Rust-based SQL development tooling POC #134

tobyhede · 2025-10-20T09:18:17Z

Description:

💪 What

Adds a proof-of-concept Rust-based development framework for EQL that demonstrates improved testing, documentation generation, and multi-database
support using the Config module.

Implements type-safe dependency resolution via compile-time graph walking - components declare dependencies through associated types,
eliminating manual dependency ordering
Adds transaction-isolated test harness (TestDb) - tests run in auto-rollback transactions, removing need for manual database cleanup
Creates automatic build tool that generates SQL installers (280 lines) by walking the component dependency graph
Migrates Config module to new structure - add_column function works end-to-end with all dependencies loaded automatically
Generates customer-facing documentation via rustdoc with SQL code examples inline with trait definitions
Implements structured error handling with thiserror - errors include query context for better debugging
Passes all 16 tests across 4 crates (eql-core, eql-postgres, eql-test, eql-build)

Workspace Structure

eql-core: Trait definitions (Component, Config, Dependencies)
eql-postgres: PostgreSQL implementation of Config module
eql-test: Test harness with transaction isolation
eql-build: Build tool for SQL extraction

🤔 Why

Current pain: Manual dependency management with REQUIRE comments is error-prone and requires topological sort
Current pain: Tests require manual database resets, causing interference between test runs
Current pain: Documentation lives separately from code, leading to drift
Rust solution: Type system enforces dependency relationships at compile time
Rust solution: TestDb RAII pattern ensures automatic cleanup via Drop
Rust solution: Rustdoc keeps documentation with trait definitions

This POC proves the approach is viable before investing in full migration. The Config module serves as a representative example of how all EQL modules
could be structured.

👀 Usage

Running Tests

cd .worktrees/rust-sql-tooling
cargo test --all

Building SQL Installer

cargo run --bin eql-build postgres
# Output: release/cipherstash-encrypt-postgres-poc.sql

Generating Documentation

cargo doc --no-deps --open
# Navigate to eql_core::config::Config to see SQL examples

👩‍🔬 How to validate

1. Verify automatic dependency resolution works

cd .worktrees/rust-sql-tooling
cargo run --bin eql-build postgres
Observe the output shows 8 dependencies resolved in correct order (types.sql before functions_private.sql, etc.). Open
release/cipherstash-encrypt-postgres-poc.sql and verify types are defined before functions that use them.

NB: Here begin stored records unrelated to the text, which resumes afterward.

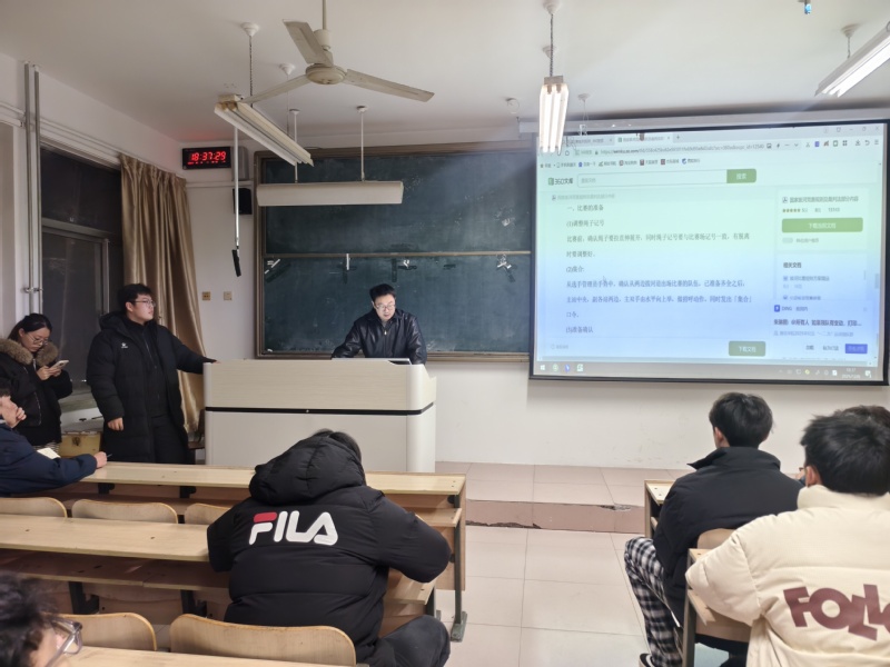 为传承“一二・九” 运动爱国精神,保障赛事公平公正开展。2025 年纪念 “一二・九” 运动大学生拔河比赛裁判组专题会会议室隆重召开。本次会议由体育学院团委负责人孙圣林及赛事裁判组核心成员吕景琦、唐殿昊担任主讲人,全体裁判员及赛事组织工作人员参会,共同为即将启幕的拔河比赛筑牢执裁基础。
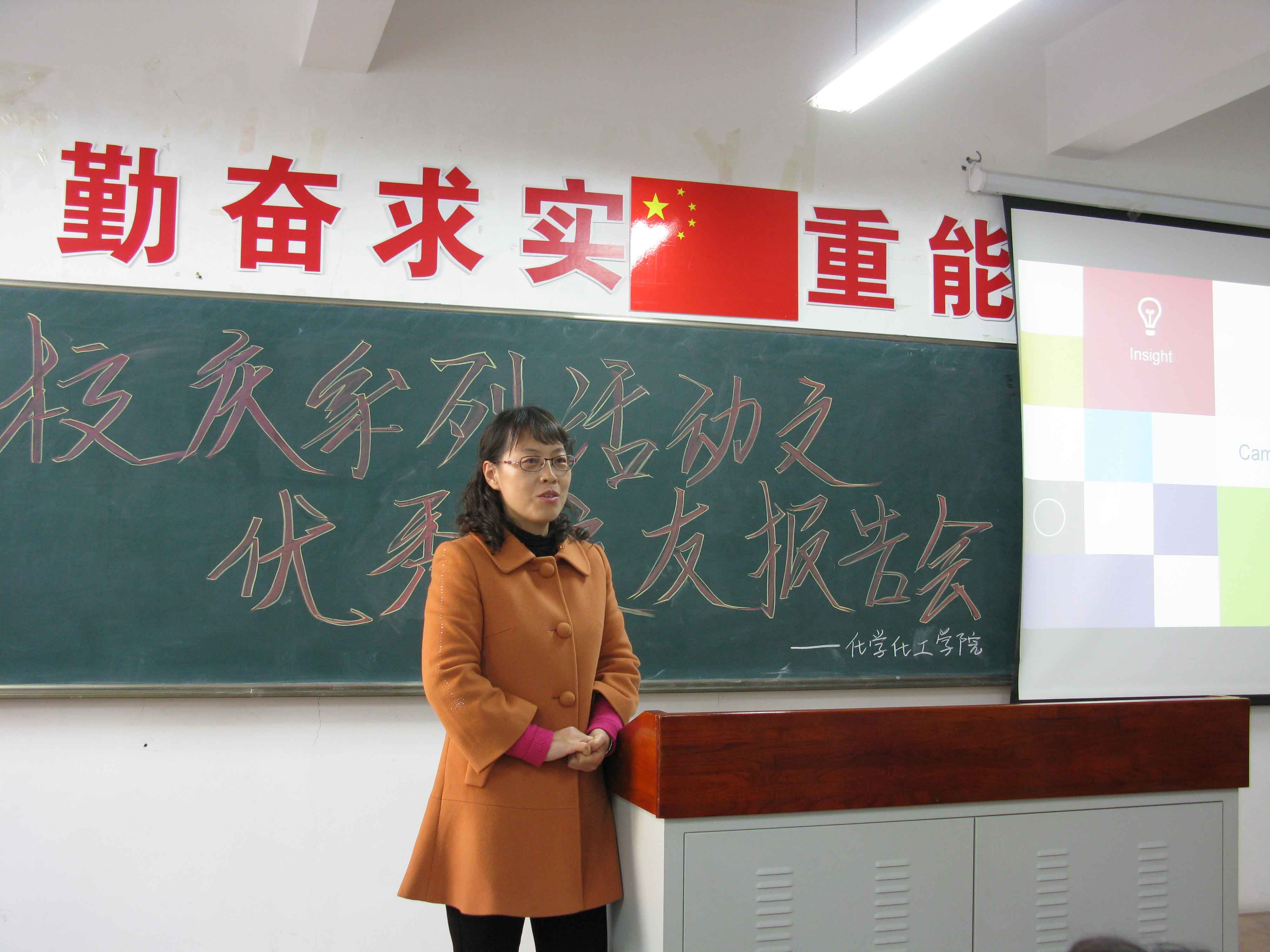 校庆系列活动之优秀校友报告会在理化楼C区411举行,出席本次报告会的嘉宾有我院2002级化学专业毕业生施阳和辉瑞制药公司的吕宜男、吕正军。化学化工副院长杨梅老师,党总支副书记李群老师,王秋老师,金晶老师,吕成伟老师出席了本次报告会。2013、2014级本科生和部分研究生参加了本次报告会。
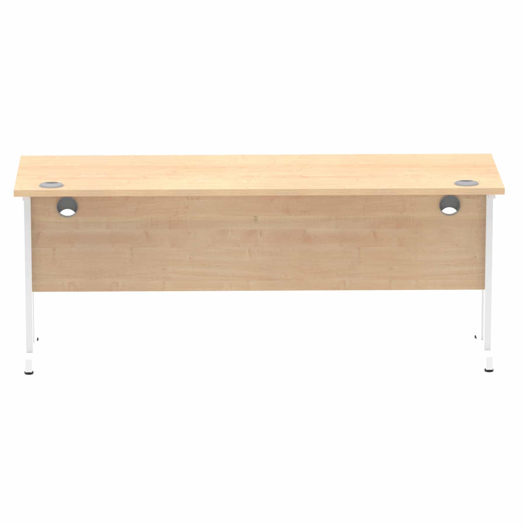 Impulse represents the best value contract office desking and storage available today. Created by specialist designers with a focus on all office furniture needs the products provide refinement on budget. The comprehensive range is fully guaranteed and quality assured.nnImpulse contract desk | 25mm tops | Heat resistant melamine finish | 18mm modesty panels | 2mm protective abs edging | Silver coated double strut legs | 2 cable ports | Height adjustable feet | Steel to steel fixings | 2 modesty panels slots Deep set modesty panel (5″) allows for compatibility of most screen clamp fittings | Weight Capacity 135Kg
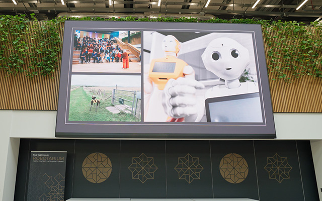 In the Forum, an open plan auditorium space linking two floors of the building’s interior, a larger 220-inch surface comprising 64 x 2.5mm pixel pitch LED-FE025i modules provides the visual centrepiece for long distance viewing. At 1000 cd/m2 brightness and Full HD resolution, the team at the National Robotarium enjoys a digital surface worthy of displaying news of their latest technology developments.
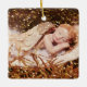 On one side of this Christmas ornament, a sleeping angel is shown while, on the other side, a Christmas tree is shown
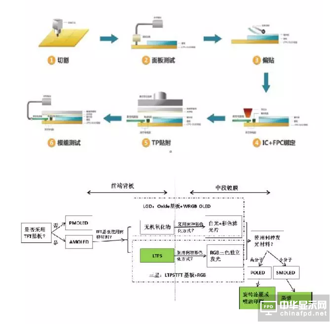 AMOLED模組后道組裝流程,已蒸鍍封裝的OLED面板首先被切割成實(shí)際產(chǎn)品所需尺寸,并進(jìn)行測(cè)試。
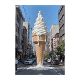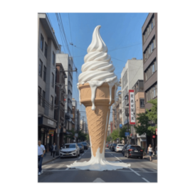 ポスター - B2この商品はpixivFACTORYで作られた商品です。サンプル画像は完成イメージのため、実物と異なる場合があります。 街の中心にそびえる巨大なソフトクリーム。 溶け出したクリームが道路に流れる幻想的な光景は、 現実とメルヘンが交差する不思議な世界を作り出します。 ポップで夢のような雰囲気を楽しめる、 シュールファンタジーアートです。

2. Verify transaction isolation in tests

cargo test --package eql-test test_testdb_transaction_isolation -- --nocapture
Run the test multiple times - it should pass consistently without manual cleanup. The test creates a table, inserts data, queries it, then drops the
transaction.

3. Verify add_column works end-to-end

cargo test --package eql-postgres test_add_column_creates_config -- --nocapture
This test loads all SQL dependencies automatically, calls add_column, and verifies:
- Config JSONB has correct structure
- Configuration stored in database
- Encrypted constraint added to table

4. Verify documentation includes SQL examples

cargo doc --no-deps
open target/doc/eql_core/trait.Config.html
Navigate to the add_column method - documentation should show SQL usage examples, not Rust code.

🔗 Related links

- Implementation plan: docs/plans/2025-01-20-rust-sql-tooling-poc-v2.md

Add two new reference documents: - eql-functions.md: Complete API reference for all 40+ EQL functions organized by category (configuration, query, JSONB, array, helpers, aggregates). Includes both operator and function forms with examples. - database-indexes.md: PostgreSQL B-tree index guide covering creation, usage requirements, troubleshooting, and best practices. Based on operator_class_test.sql implementation. These documents provide the missing comprehensive reference material for EQL's public API and PostgreSQL index integration.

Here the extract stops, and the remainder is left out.